Support #51609
openOSD refuses to start (OOMK) due to pg split
0%
Description
After an upgrade to 15.2.13 from 15.2.4 my small home lab cluster ran into issues with OSDs failing on all four hosts. This might be unrelated to the upgrade but it looks like the trigger has been an autoscaling event where the RBD PG pool has been scaled from 128 PGs to 512 PGs. Unfortunately I didnt see that there were pgs being split before I initiated the reboot of one of the hosts to load the latest linux kernel
Only some OSDs are affected, and during the OSD startup the following output can be observed:
2021-07-08T03:57:55.496+0200 7fc7303ff700 10 osd.17 146136 split_pgs splitting pg[5.25( v 146017'38948152 (146011'38947652,146017'38948152] local-lis/les=146012/146013 n=1168 ec=2338/46 lis/c=146012/145792 les/c/f=146013/145793/36878 sis=146019) [17,6] r=0 lpr=146019 pi=[145792,146019)/1 crt=146017'38948152 lcod 0'0 mlcod 0'0 unknown mbc={}] into 5.a5
Exporting/Remove the PGs belonging to poolid(5) seems to resolve the issue of OOMK but yields dataloss (naturally). Pool 5 was the one which were being split.
There isn't a lot of activity in the log (20/20 logging) but everything seems to revolve around splitting PGs. Full OSD startup log attached.
At this point i've exported all the troublesome PGs and gotten all the OSDs online. Trying to import the pgs again causes the OSD to OOMK on startup again.
Attempting to start one of the troubled OSDs with the troubled PG will result in all memory (80GiB) to be exhausted before the OOM killer steps in. Looking at dump of mempools buffer_anon looks severely high?

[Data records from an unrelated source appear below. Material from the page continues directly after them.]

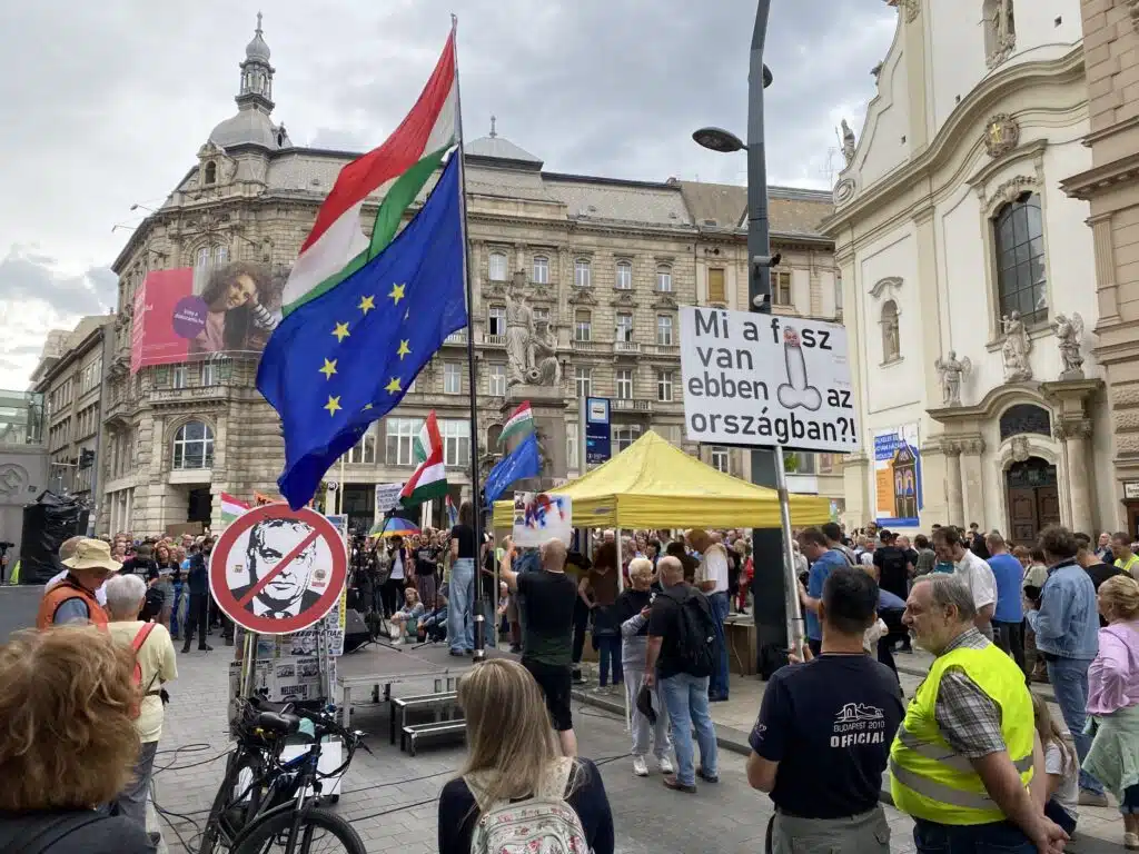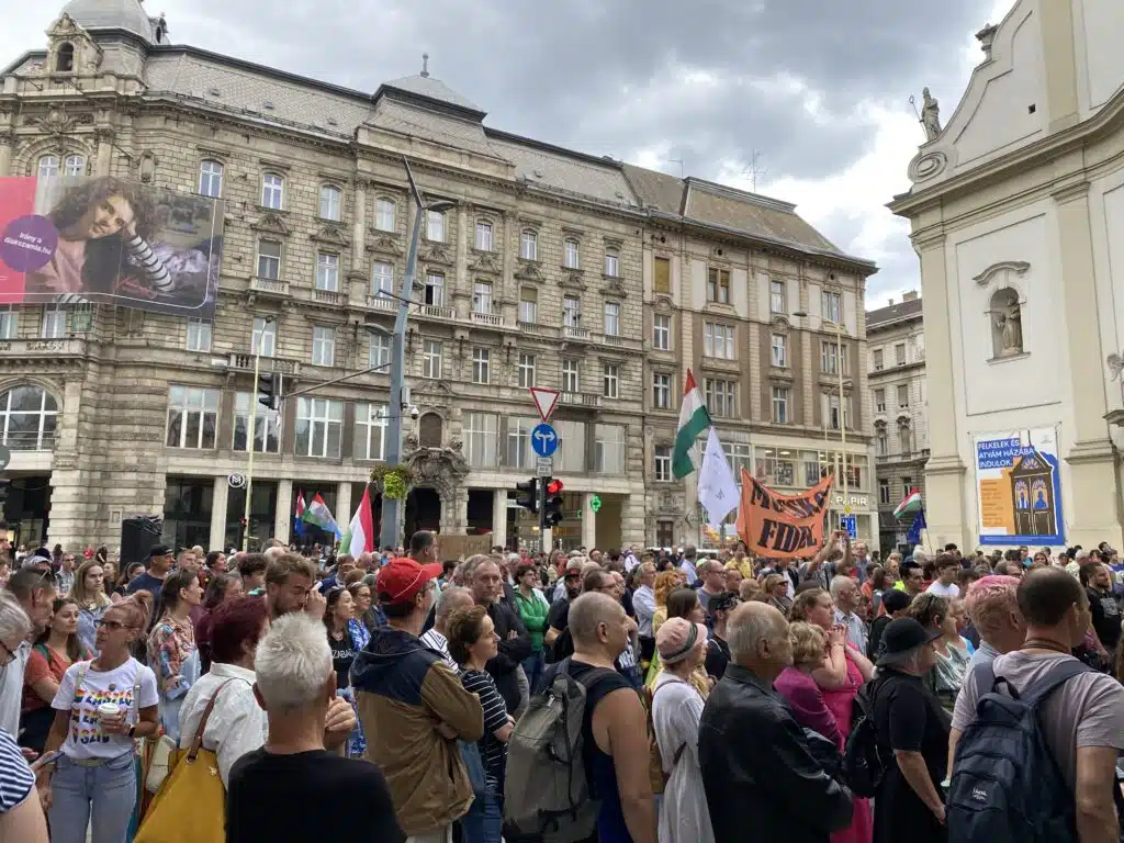 Il y avait foule dans les rues en ce 23 octobre, jour férié commémorant la révolution de 1956 contre les communistes. Cette date symbolique a été choisie par le Tisza et le Fidesz pour lancer leur campagne électorale. Si les deux partis affirmaient manifester pour défendre leur vision de la Hongrie, ces rassemblements avaient avant tout pour but de mesurer leur popularité à l’approche des élections législatives.
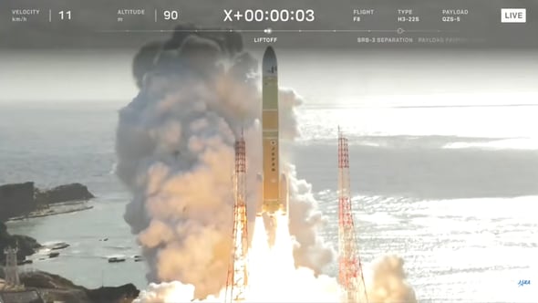 JAXAは12月22日、「みちびき5号機」を載せたH3ロケット8号機を種子島宇宙センターから打ち上げた。JAXAの公式ライブ配信では一時およそ7万5000人がその様子を見守っていたが、衛星を分離する前にトラブルが発生。状況を確認中だ(午前11時30分時点)。
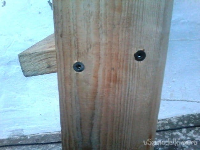 Сверху стремянки по бокам крепим бруски 950*50*25мм саморезами.
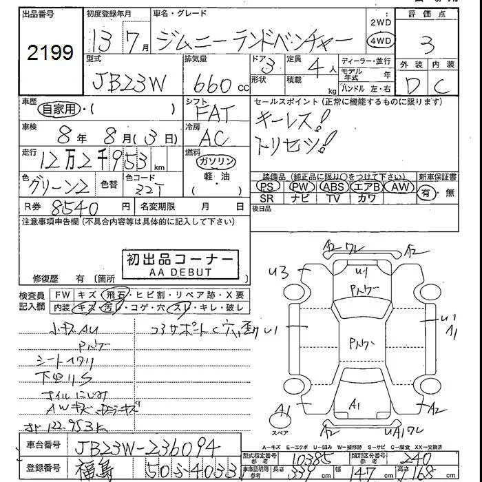 Suzuki JIMNY с аукциона Японии JU Fukushima лот № 2199
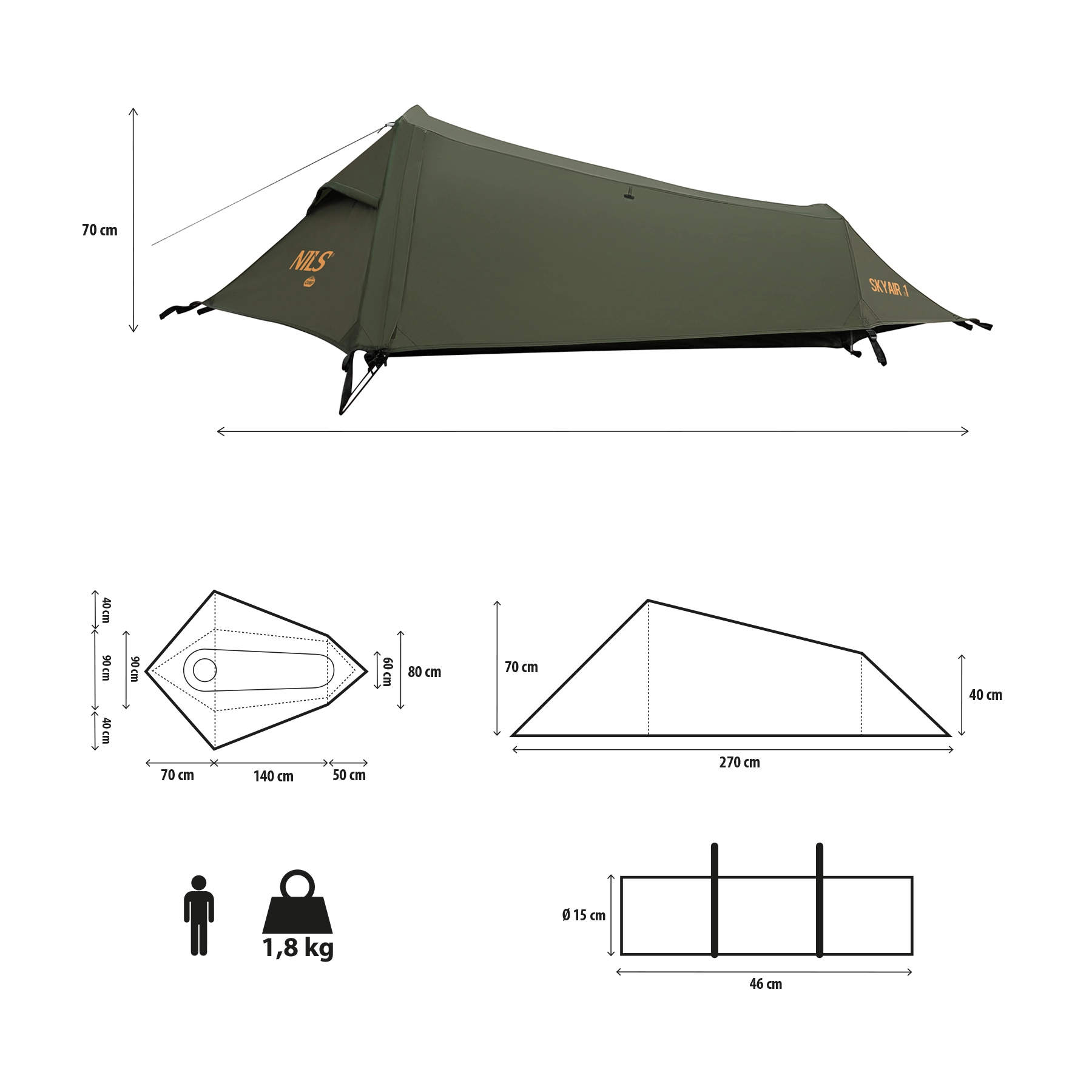 Ultralagan šator za jednu osobu s kompaktnim pakiranjem i brzom postavom – to je NILS CAMP Skyair 1. Nudi minimalnu masu 1,8 kg, izvrsnu otpornost na kišu (vanjski dio 3000 mm, podnica 5000 mm) i pouzdanu zaštitu od insekata zahvaljujući mrežici protiv komaraca no-see-um. Idealan za biciklističke ture, veslače i planinarske izlete.
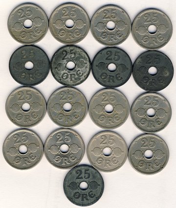 Chr. X, samling 25 øre 1920érne til 1940érne.
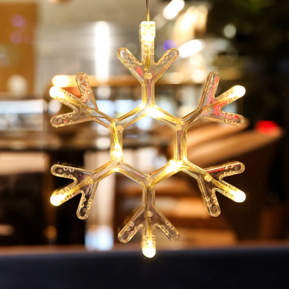 Рождественские светодиодные огни, снежинки, шторы с присосками Сант...
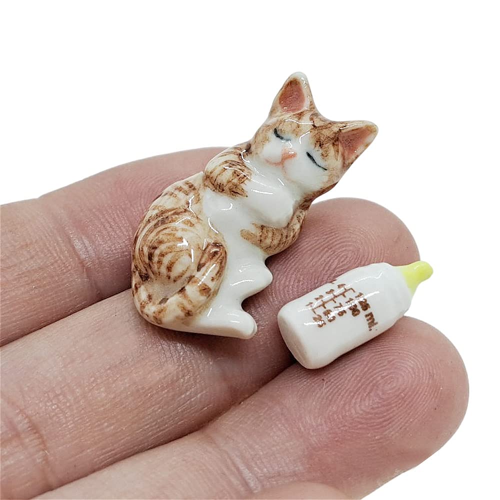 WitnyStore Tiny 1" Long White Brown Tabby Cat Sleeping with Baby Bottle - Miniature Hand Made Painted Ceramic Cats Kitten Feline Animal Cute Porcelain Decorative Collectible Figurines Décor Gifts
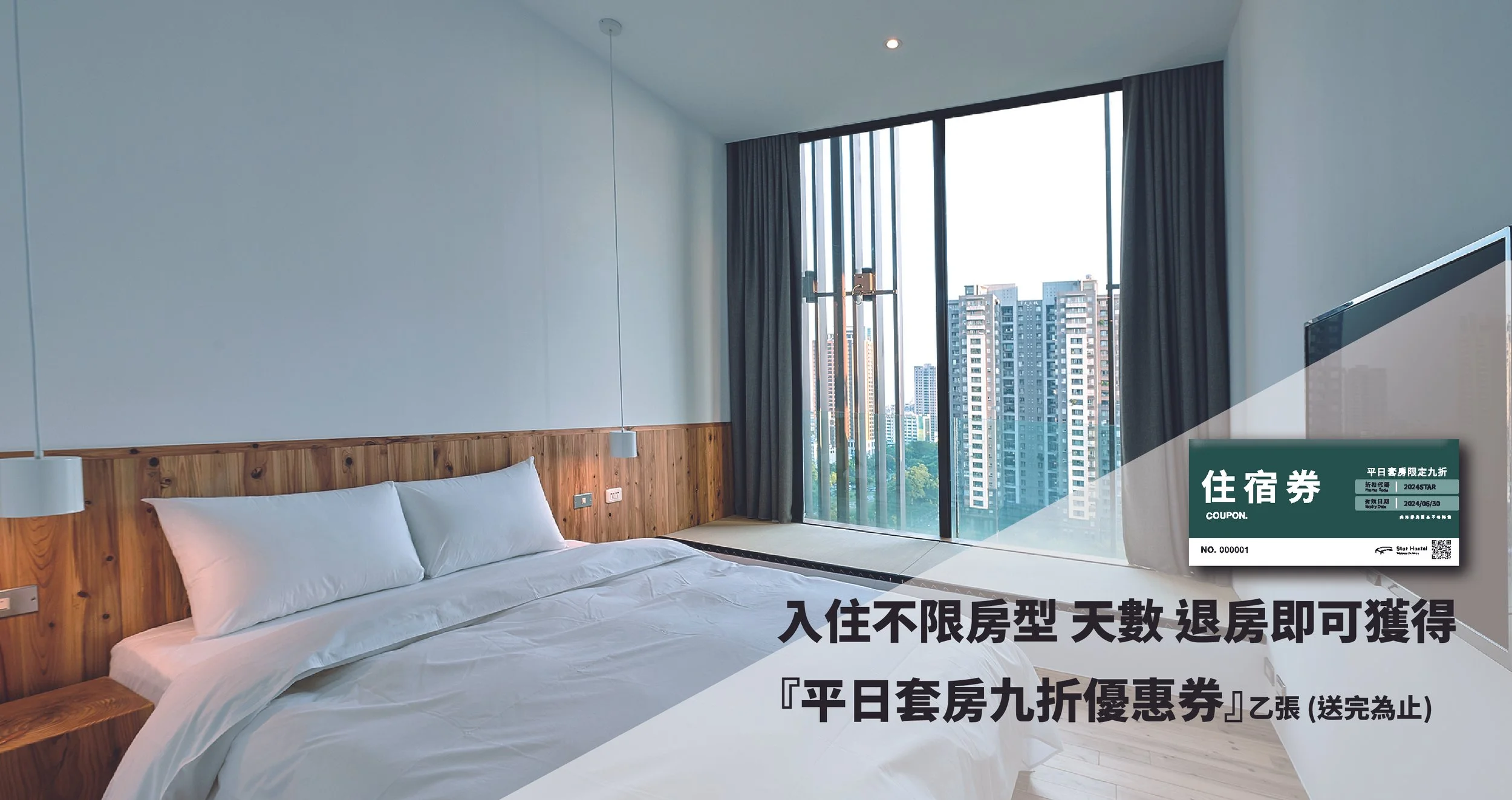 『平日套房九折優惠券』乙張 (已發放完畢,請於8/29前使用)
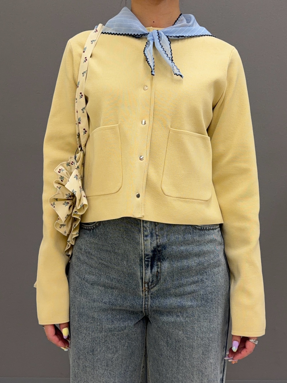 肩に巻いているスカーフはバッグにつけたり
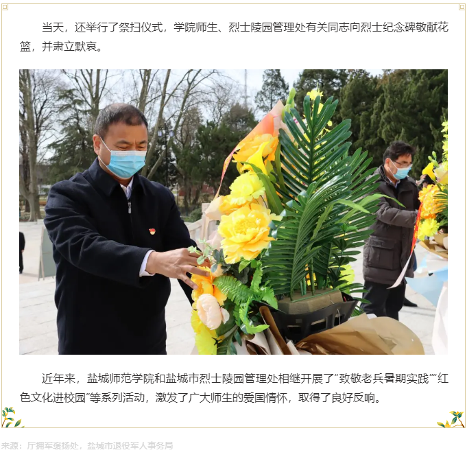 坐标网讯:《盐城网》缅怀革命烈士 弘扬英烈精神

Memory leak?
{
"mempool": {
"by_pool": {
"bloom_filter": {
"items": 0,
"bytes": 0
},
"bluestore_alloc": {
"items": 2894923,
"bytes": 83560688
},
"bluestore_cache_data": {
"items": 228,
"bytes": 136914
},
"bluestore_cache_onode": {
"items": 214,
"bytes": 131824
},
"bluestore_cache_meta": {
"items": 8226,
"bytes": 48900
},
"bluestore_cache_other": {
"items": 571,
"bytes": 26252
},
"bluestore_Buffer": {
"items": 10,
"bytes": 960
},
"bluestore_Extent": {
"items": 13,
"bytes": 624
},
"bluestore_Blob": {
"items": 13,
"bytes": 1352
},
"bluestore_SharedBlob": {
"items": 13,
"bytes": 1456
},
"bluestore_inline_bl": {
"items": 0,
"bytes": 0
},
"bluestore_fsck": {
"items": 0,
"bytes": 0
},
"bluestore_txc": {
"items": 0,
"bytes": 0
},
"bluestore_writing_deferred": {
"items": 0,
"bytes": 0
},
"bluestore_writing": {
"items": 0,
"bytes": 0
},
"bluefs": {
"items": 421,
"bytes": 14728
},
"bluefs_file_reader": {
"items": 56,
"bytes": 5512704
},
"bluefs_file_writer": {
"items": 3,
"bytes": 672
},
"buffer_anon": {
"items": 16048567,
"bytes": 65862454806
},
"buffer_meta": {
"items": 1048,
"bytes": 92224
},
"osd": {
"items": 209,
"bytes": 2703624
},
"osd_mapbl": {
"items": 0,
"bytes": 0
},
"osd_pglog": {
"items": 24310250,
"bytes": 2547517232
},
"osdmap": {
"items": 1578,
"bytes": 92744
},
"osdmap_mapping": {
"items": 0,
"bytes": 0
},
"pgmap": {
"items": 0,
"bytes": 0
},
"mds_co": {
"items": 0,
"bytes": 0
},
"unittest_1": {
"items": 0,
"bytes": 0
},
"unittest_2": {
"items": 0,
"bytes": 0
}
},
"total": {
"items": 43266343,
"bytes": 68502297704
}
}
}
Any guidance on how to further troubleshoot this issue would be greatly appreciated.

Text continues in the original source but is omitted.